We have heroes among us now. We are just living in the same time, so their greatness is maybe not recognized as it should be. Marcus Luttrell, Chris Kyle, Michael Murphy to name a few. And frankly, if the country and the culture keep on its current path we are about to mint a whole bunch more heroes when things start to really fall apart and good people are put in extraordinary situations.


----------



## DennisP (Mar 3, 2014)

Inor said:


> We have heroes among us now. We are just living in the same time, so their greatness is maybe not recognized as it should be. Marcus Luttrell, Chris Kyle, Michael Murphy to name a few. And frankly, if the country and the culture keep on its current path we are about to mint a whole bunch more heroes when things start to really fall apart and good people are put in extraordinary situations.


You took the names right out of my mouth. Those 3 are only a small percentage of people just like them who have never had stories written about them. Only those close to them will know the lengths they went to in becoming unknown American Hero's.


----------



## SARGE7402 (Nov 18, 2012)

Every generation has theirs. My dad's included Skeeter Skelton, Charles Askins, Bill Jordan, Elmer Keith, Lee Marvin, and Jamison Cheeseman just to name a few. My generation included Roger Dolan, Howard Blood, George Diesen; Carl Howard, to name a few. Today's generation. Hell there there, they're probably just as shy as those I've mentioned.


----------



## alterego (Jan 27, 2013)

The american heroes of the now are passified with subsidized corn syrup enriched episodes of dancing with the queers smoking subsidized newly legalized mind numbing medication served to them on a platter of false promises and failed policy. Look at Detroit. Look at New Orleans. Look to Washington D.C all small litmas test of the future failed state. no one is turning back from the obvious failure. They are accelerating towards it with open arms.

Prepare your selves.


----------



## Just Sayin' (Dec 5, 2013)

Don't write off the younger generation just yet... They might just prove you wrong.

I spent the better part of my daughter's senior year, trying to get her to go ROTC or a service academy. It was a NO-GO. 

Five days into college, she calls her Mom and tells her, I'm joining the ROTC. 

We don't use the term hero often enough at times, and sometimes we use it in situations that don't warrant it. I know that we think that the younger generation seems disconnected from us, but the reality is, they look up to us. They want to emulate the things that you and I have done, they want to be the people that you and I admire. Not all of them, but a significant portion of them. The next generation understands in their own way, that we have handed the baton to them, and that it is now up to them to shape the future. Our heroes are old, theirs are a little less old, and some are young. 

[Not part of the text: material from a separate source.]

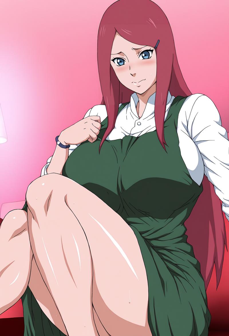 11.漩涡玖辛奈:Uzumaki Kushina,1girl,solo,hairclip, hair ornament, red hair,long hair,mature female,blue eyes,huge breasts / ponytail
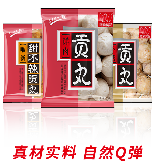 • 選擇蛋白質(zhì)含量及新鮮度高的豬后腿肉為原料,模擬手工捶打的打漿工藝,再經(jīng)煮制、冷卻、速凍工藝才可生產(chǎn)出自然脆彈的唯新貢丸,是居家佐餐、火鍋的美味食品。近年來(lái)我們還研發(fā)生產(chǎn)了香腸、蝦滑、魚丸、牛肉丸等大眾喜愛的家庭火鍋料速凍食品。

If there is a failure in passing the ideals to the next generation, it rests with us. But I don't see it in our kids today. They understand that there is a price to be paid if we are to remain free to live as we like. They might not know exactly how to do things, but they do them anyway. One day they will have the knowledge and the will that we possess ourselves. They will carry the baton, and I believe,...We will call them heroes.


----------



## shotlady (Aug 30, 2012)

heh I spent my whole life wanting the boys to think me a hero- and they ended up being mine.


----------



## Mish (Nov 5, 2013)




----------



## Inor (Mar 22, 2013)

shotlady said:


> heh I spent my whole life wanting the boys to think me a hero- and they ended up being mine.


And thanks to a whole bunch of people like you and your lads: We win. They lose. The end.


----------



## retired guard (Mar 7, 2013)

shotlady said:


> heh I spent my whole life wanting the boys to think me a hero- and they ended up being mine.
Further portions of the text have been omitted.